Karan’s house is south facing. From the front door of his house Karan started walking and after walking 20 metres straight he turned to his left and walked 50 metres. After this he turned to his right and walked 80 metres. Find the distance between the point from where he finished his walk and the door of his house.
Answers
Answer:
50.6449510225
Step-by-step explanation:
it will be a sum of two triangles Hypotenuse .

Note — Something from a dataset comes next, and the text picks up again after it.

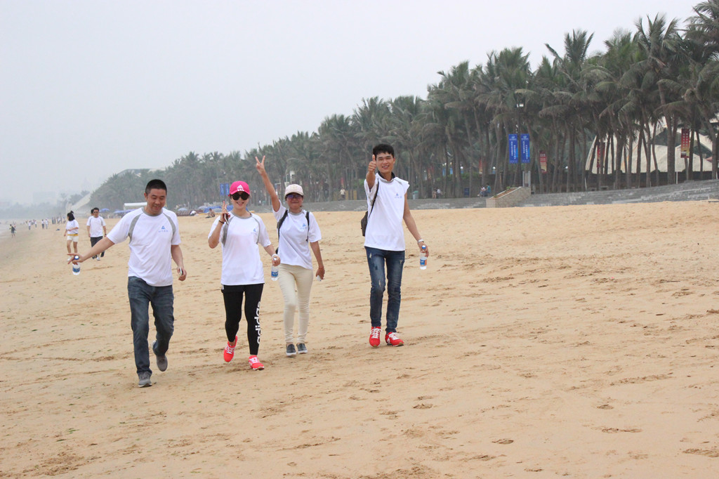 活动当天,碧海蓝天微风轻拂,参加徒步的员工一早便来到集合地点,海南公司活动线路设置在海口西秀海滩至贵族游艇会,全程路段以沙滩为主。海南公司、海口恒正实业公司及各项目部代表共计50人参加了徒步行的活动,比赛共分为15组,每个小组三人,其中有一名队员必须是异性。为体现米兰官方端网站大家庭的氛围,公司人员全部与项目部人员混编组队。

and the triangles are of dimensions 20,10
and 40,80
- now let's find hypotenuse for 20,10 √20² + 10²
- now let's find hypotenuse for 80,40 √40²+80²
- now total sum is √500+√8000=50.6449510225
Answer:
The distance between the point where he finished his walk and the door of his house is 50√5 m.
Solution:
Let A be the door of Karan's house. After walking 20 meters straight, he reached point B. From B he turned left and walked 50 meters to reach point C. From C, he turned right and reached point D after walking 80 meters.

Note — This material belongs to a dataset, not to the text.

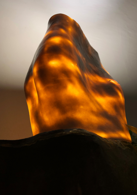 Лампа состоит из трёх керамических деталей, поставленных друг на друга. Две нижние части выполнены из смеси высокотемпературных глин, а верхняя часть (плафон) сделан из тонкого фарфора, который «светится», просвечивает яркий свет сквозь свои стенки. Без горящей лампочки светильник выглядит как сложная скульптура. А в темноте и включённом свете лампа превращается в завораживающий ночник, создающий магическую атмосферу и окутывает помещение тёплым приглушённым свечением. Фарфоровый плафон превращается в пылающее живое «сердце» лампы.

The diagram for the same is shown below.
From the figure, we have
AB = 20 m
BC = 50 m
CD = 80 m
Let us construct a rectangle ABCE. As we know, in a rectangle opposite sides are equal.
∴ AE = BC = 50 m
CE = AB = 20 m
We have to find the distance between the starting point and ending point i.e., between A and D. So, we have to find the length AD.
From the figure,
DE = CD + CE
= 80 m + 20 m
= 100 m
In ΔADE, applying Pythagoras theorem, we get
(Hypotenuse)² = (Perpendicular)² + (Base)²
AD² = DE² + AE²
AD² = (100)² + (50)²
AD² = 10000 + 2500
AD² = 12500
AD = √12500
AD = 50√5 m
Hence, the distance between the point where he finished his walk and the door of his house, AD = 50√5 m.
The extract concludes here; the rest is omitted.